Legal and Ethical Considerations for Providing Access to Born-Digital Collections: Attorney-Client Privilege

This blog is part three of a series comprising a set of primers that address ten complex legal and ethical issues encountered when providing access to born-digital archival records. The guidance is grounded in two foundational beliefs: 1. There is a potential to harm individuals, communities, and institutions if access is not thoughtfully and strategically viewed through an ethical and legal lens; and 2. It is not ethical to restrict access unnecessarily. For more information see: https://osf.io/ketr7/.


The Seeley G. Mudd Manuscript Library of Princeton University in their Guide to the American Civil Liberties Union Records defines attorney-client privilege as “any document reflecting an exchange with a client or a potential client (including but not limited to: written correspondence, memoranda to the file, notes, or any other report of communication to or from a client or potential client) made for the purpose of furnishing or obtaining professional legal advice and assistance” (Seeley J. Mudd Manuscript Library 2020). This common law applies equally to records that are from open or closed cases, but not to any documents filed in court, which are public(1). For attorney-client privilege, the right to the privileged information is exercised by the client. 

In addition to attorney-client privilege, attorney work product is a broader category of records that includes any material prepared for litigation, and not just by the attorney (Briston 2016). For these records, right to access is controlled by the attorney, but usually by the time they make it to an archival repository this right has been transferred to the repository via a deed of gift or similar record. 

There is not a law that defines the duration of attorney-client privilege, thus people in the legal profession dispute its expiration, starting with the question of whether it expires at all. Some have made suggestions for changes in legal ethic codes for reasonable exemptions or better defining when attorney-client privilege ends, since there has been little direction for the courts or ethics committees (Hobbs 1992).

Given the breadth of interpretation and context required to determine when and where attorney-client privilege applies, there is not broad agreement on how to handle attorney-client privilege in archives. In fact, lawyers are often advised to refrain from archival donations, leaving a large gap in the historical record of an important part of our justice system. Many bar associations have ruled against donating files to archives (Hobbs 1992). If lawyers’ papers make it to a special collections repository, it is often because an heir donated them, but some lawyers donate their own papers at their own risk.

Law firms have some common records management practices. Attorneys often return files to clients or destroy closed files on a retention schedule. Other catalysts for review or destruction in the legal records management lifecycle include when the representation terminates, the lawyer retires or dies, or the law firm dissolves.

Collections where an attorney is the donor or main creator of the material are an obvious place to keep an eye out for records under these restrictions, but lawyer’s collections aren’t the only place you’ll find attorney-client privilege or work product. It may apply in any collection of an individual made privy to litigation, or in the institutional records of any business or organization where litigation has ever occurred. In fact, most special collections repositories steer away from lawyers’ collections because attorney-client privilege can make records donated by lawyers questionable on ethical grounds and extremely difficult to manage.
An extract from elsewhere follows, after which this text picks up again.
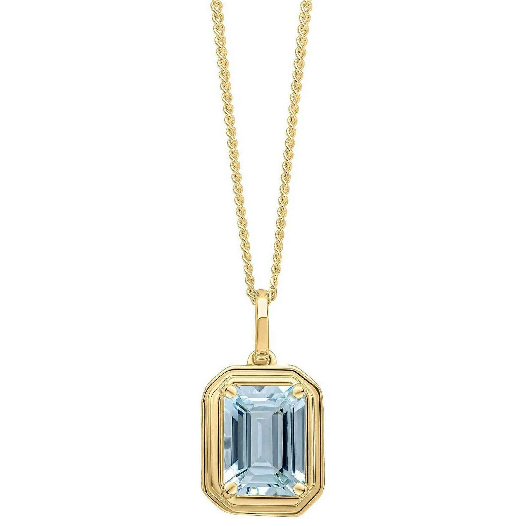 Elements Gold Elongated Octagon Aquamarine 9ct Gold Pendant - Gold/Blue

Archivists must approach these types of records within their own institutional and legal contexts. This information sheet will attempt to provide some guidance in determining how to address attorney-client privilege in the collections you manage.

Most likely to come up in

  • Institutional Archives
  • Government Archives
  • Corporate Archives
  • In certain special collections:
    • The collection of an individual made privy to litigation
    • Collections where an attorney is the donor or main creator of the material
    • The collections of a business or organization where litigation has ever occurred
  • Could appear especially in email or word processing files in any of the listed types of archives and collections.

Actions for the institution to take

Offer support in the form of legal counsel to the employee responsible for managing access to the collection. 

Avoid acquiring collections that are likely to be majority attorney-client privilege or work product if your institution and/or the person managing these restrictions do not have access to legal counsel. Instead, help find a new home for them at an appropriate institution.

 

Actions for the archivist to take

How can I look for attorney-client privilege in collections?

The good news is that privileged materials are usually marked. The bad news is that different lawyers use different signals and systems for marking their records as privileged, especially in the born-digital context where the method may vary based on type of record, the software used to flag, and the creator’s personal preference. You may find out that records are privileged from an email sensitivity flag, an email footer, a note at the top of a document, or any number of other digital signals. For example, an email may include disclosure language, such as, “This message, including attachments, is confidential and may contain information protected by the attorney-client privilege or work product doctrine.”

You may find some consistencies from collection to collection that help efficiently process records subject to attorney-client privilege, but overall archivists should take a risk management approach in terms of what can be reasonably found, interpreted to be privileged, and restricted appropriately. 

What should I do if I come across privileged information in a collection?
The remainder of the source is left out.